Ирэн стиснула зубы. Жжение поднялось к плечам - раскалённые ручьи под кожей, растекающиеся по рукам и дальше, к рёбрам, к позвоночнику, к затылку. Каждая нить была отдельной жилой боли, отдельной струной, натянутой между запястьями и чем-то глубоко внутри - там, где, по словам жриц, находилось ядро. Вместилище. Пустота, предназначенная для заполнения.
Пятнадцать.
Шестнадцать.
Элара не остановилась.
Где-то в стене капала вода - мерный, безразличный звук, который Ирэн слышала каждое утро уже столько лет, что он стал частью тишины. Кап. Кап. Кап. Камера пахла ладаном, воском оплывших свечей и чем-то металлическим - тонким, едва уловимым. Кровью. Не её - или не только её. Камень впитал столько крови за столетия, что запах стал его собственным, как запах мокрой земли принадлежит земле, а не дождю.
Семнадцать.
Ирэн считала не потому, что это помогало терпеть. Терпеть она научилась давно - так давно, что уже не помнила, каково это, когда боль удивляет. Она считала, потому что числа были единственным, что принадлежало ей. Жрицы не знали, что она считает. Они думали, что сосуд просто лежит и принимает. Что сосуд - пуст, покорен, благодарен. Что сосуд не думает.
Сосуд думал.
Восемнадцать. Девятнадцать.
Жрицы называли её «благословлённой». Ирэн подозревала, что в ритуальном языке «благословлённая» и «расходный материал» были синонимами, но у неё не хватало знания древних текстов, чтобы это доказать. Впрочем, доказательства были излишни. Достаточно было посмотреть на собственные руки - на тонкую сеть серебристых шрамов от запястий до локтей, похожую на речную дельту, увиденную с высоты птичьего полёта. Если бы птица была слепой и летела сквозь дым.
Двадцать.
Элара замерла. Её пальцы на мгновение - на одно короткое, почти незаметное мгновение - разжались. Не убрались, нет. Просто ослабили хватку. Будто рука, державшая перо, на секунду забыла, что пишет. Потом пальцы снова сомкнулись, и нити хлынули.
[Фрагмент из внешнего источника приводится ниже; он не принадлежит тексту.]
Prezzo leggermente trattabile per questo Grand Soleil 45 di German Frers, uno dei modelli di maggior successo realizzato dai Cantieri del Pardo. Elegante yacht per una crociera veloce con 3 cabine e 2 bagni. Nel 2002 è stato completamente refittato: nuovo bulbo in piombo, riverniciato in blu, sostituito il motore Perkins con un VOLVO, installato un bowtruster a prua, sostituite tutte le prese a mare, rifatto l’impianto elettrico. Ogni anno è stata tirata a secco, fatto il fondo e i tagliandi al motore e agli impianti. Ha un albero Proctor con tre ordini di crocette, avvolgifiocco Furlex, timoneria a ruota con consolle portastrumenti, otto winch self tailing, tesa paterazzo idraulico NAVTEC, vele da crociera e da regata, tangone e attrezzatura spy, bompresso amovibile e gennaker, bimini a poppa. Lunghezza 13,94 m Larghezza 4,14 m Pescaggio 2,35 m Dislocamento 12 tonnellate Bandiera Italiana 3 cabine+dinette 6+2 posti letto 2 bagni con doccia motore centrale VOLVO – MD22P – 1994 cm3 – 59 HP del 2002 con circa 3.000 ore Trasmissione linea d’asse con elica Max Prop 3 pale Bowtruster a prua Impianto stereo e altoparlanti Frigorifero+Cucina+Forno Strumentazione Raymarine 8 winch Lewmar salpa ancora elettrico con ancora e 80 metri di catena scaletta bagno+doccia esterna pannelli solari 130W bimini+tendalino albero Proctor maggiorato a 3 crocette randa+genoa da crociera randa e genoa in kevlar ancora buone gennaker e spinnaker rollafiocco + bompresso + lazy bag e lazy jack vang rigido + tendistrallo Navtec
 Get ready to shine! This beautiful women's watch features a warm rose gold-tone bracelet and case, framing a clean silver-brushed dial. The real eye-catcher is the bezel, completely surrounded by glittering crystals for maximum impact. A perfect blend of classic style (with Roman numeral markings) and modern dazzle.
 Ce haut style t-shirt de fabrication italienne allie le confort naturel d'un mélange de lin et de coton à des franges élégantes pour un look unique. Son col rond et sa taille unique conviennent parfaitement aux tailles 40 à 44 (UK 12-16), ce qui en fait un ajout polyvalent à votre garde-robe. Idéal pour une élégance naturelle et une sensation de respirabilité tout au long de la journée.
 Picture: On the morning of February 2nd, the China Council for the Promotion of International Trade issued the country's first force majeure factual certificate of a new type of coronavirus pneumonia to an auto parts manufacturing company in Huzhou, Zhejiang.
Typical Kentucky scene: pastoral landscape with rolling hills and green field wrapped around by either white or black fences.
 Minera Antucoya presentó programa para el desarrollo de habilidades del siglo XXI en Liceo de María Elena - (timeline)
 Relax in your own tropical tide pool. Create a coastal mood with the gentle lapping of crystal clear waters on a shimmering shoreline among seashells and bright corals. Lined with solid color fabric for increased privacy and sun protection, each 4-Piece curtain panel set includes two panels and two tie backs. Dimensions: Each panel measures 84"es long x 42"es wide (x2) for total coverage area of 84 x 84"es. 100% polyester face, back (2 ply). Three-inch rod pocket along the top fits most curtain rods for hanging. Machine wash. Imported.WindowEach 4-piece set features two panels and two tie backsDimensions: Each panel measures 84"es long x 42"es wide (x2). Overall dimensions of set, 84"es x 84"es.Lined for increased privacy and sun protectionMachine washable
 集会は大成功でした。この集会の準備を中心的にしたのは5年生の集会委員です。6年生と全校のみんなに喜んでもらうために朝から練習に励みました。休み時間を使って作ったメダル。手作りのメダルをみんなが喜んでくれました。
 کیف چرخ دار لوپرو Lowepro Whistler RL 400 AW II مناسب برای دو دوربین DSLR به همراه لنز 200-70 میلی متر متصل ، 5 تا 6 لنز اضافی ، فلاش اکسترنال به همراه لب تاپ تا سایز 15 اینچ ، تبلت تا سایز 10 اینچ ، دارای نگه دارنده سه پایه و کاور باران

Двадцать один. Двадцать два.
Ирэн закрыла глаза. За веками вспыхивали белые искры - так было всегда, когда нитей становилось слишком много. Её тело гудело, как натянутая тетива, и откуда-то из глубины грудной клетки поднимался звук, который она не слышала ушами, а ощущала рёбрами - низкий, вибрирующий гул, словно внутри неё кто-то ударил в колокол, обёрнутый тканью.
Двадцать три. Двадцать четыре.
Они торопились. Ирэн не знала - куда, но тело знало. Тело знало раньше разума, как животное чувствует землетрясение за минуту до первого толчка. Вчера двенадцать. Сегодня - и она перестала дышать, когда последняя нить вошла, тяжёлая, вязкая, как расплавленный мёд, - двадцать шесть.
Элара убрала руки. Отступила на шаг. Ирэн слышала шорох её серых одежд, тихий стук сандалий по камню - три шага назад, поворот, звук, с которым жрица опускает руки в каменную чашу с солёной водой. Ритуал очищения. После каждого кормления. Элара мыла руки так, словно прикосновение к сосуду было грязью, которую нужно смыть.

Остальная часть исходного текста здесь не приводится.